The next EU long-term budget, to run from 2021 to 2027, will dedicate 2 out of 6 headings1 to security, military, migration and border management issues. Together those 2 headings would benefit from the largest budget increase compared to other policies: respectively 180% and 260% rises for security and for migration & border management, and an astonishing 2200% jump for the European Defence Fund from €0.59 to €13 billion. In 2027, the EU will have spent more for military research than for humanitarian aid…
“The next long-term budget confirms the EU paradigm shift towards hard security and military answers to complex problems, as well as the over-influence of the military-industrial complex on EU policy developments: the same companies that are advising the EU will then be the main beneficiaries of this funding” says Laetitia Sédou, EU Programme Officer for ENAAT.
The European Defence Fund will focus in particular on unmanned military technology like armed drones, and could also support the development of fully autonomous weapons, including lethal ones (killer robots):
The French and German governments want the European military drone MALE to be further developed under the Defence Fund. The Preparatory Action for Defence Research1 dedicates a third of its budget to unmanned systems for maritime surveillance. And EU Member States rejected any binding limitation to the development of fully autonomous weapons in the European Defence Industrial Development Programme2.

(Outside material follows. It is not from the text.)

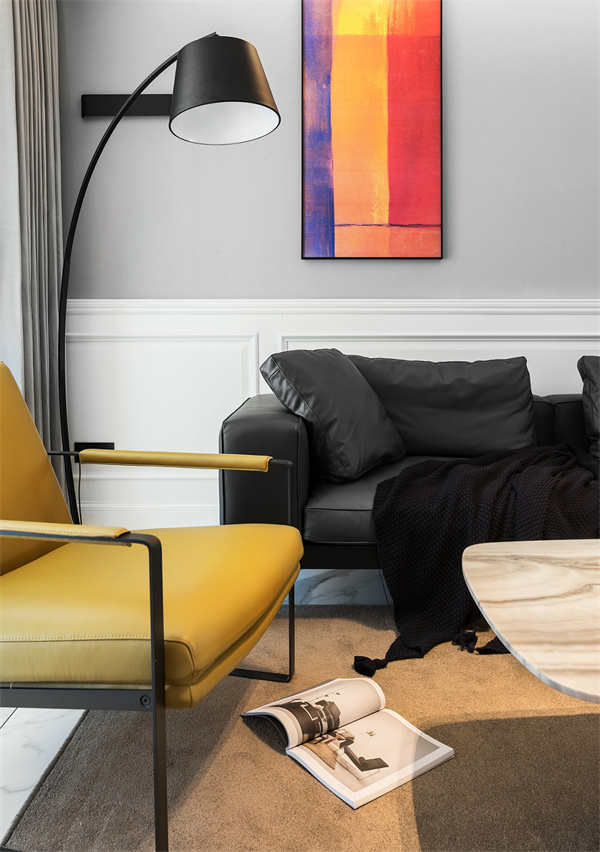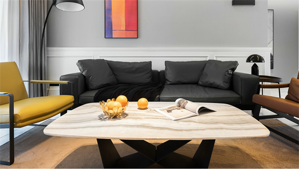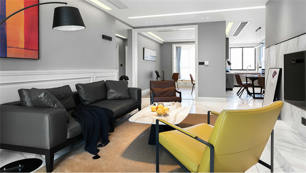 客廳主色調,采用灰白墻面與白色大理石地磚搭配,創(chuàng)造出通透明亮的空間感。以低調的深色調沙發(fā)展現簡約品味,通過精致的極簡設計裝飾畫和空間擺件,為整個客廳注入一絲藝術氛圍。

Francesco Vignarca, coordinator of the Italian Disarmament Network, alerts: “The use of armed drones, and of fully autnomous weapons in the near future, is changing the face of war and challenging international law. It is of particular concern that Europe puts the development of such problematic technology in the hands of a military industry which has profit as its ultimate goal.”

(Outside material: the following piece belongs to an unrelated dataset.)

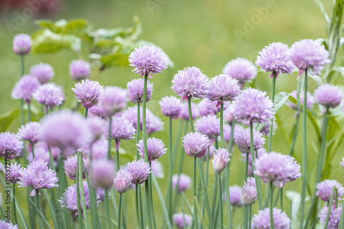 Purple-pink flowers of chives (Allium schoenoprasum).

Another main objective of the European Defence Fund is to boost the global competitiveness of the military industry. And given that national markets are already too small to absorb European over-production and provide higher profitability, the arms industry will put an even greater emphasis on exports, including of EU-funded new military technology as a crucial competitive edge.
“Those developments will not lead to peace and security, but will only increase the arms industry profits and exacerbate the global arms race. Worldwide military spending is on its highest level since the Cold War. It is time that the EU tackles the root causes of conflicts rather than investing in military solutions which have not worked in the past.” added Bram Vranken, researcher for the Belgian organisation Vredesactie.
1The 6 headings are: I. Single Market & Innovation, II. Cohesion & Values, III. Natural Resources & Environment, VI. Migration & Border Management, V. Security & Defence, VI. Neighbourhood & the World, VII. Administration
2The Preparatory Action for Defence Research (PADR, on-going) and the European Defence Industrial programme (EDIDP, to be adopted in the coming weeks) are 2 pilot funding schemes under the current EU budgetary cycle, and constitute the 2 pillars of the European Defence Fund till 2020.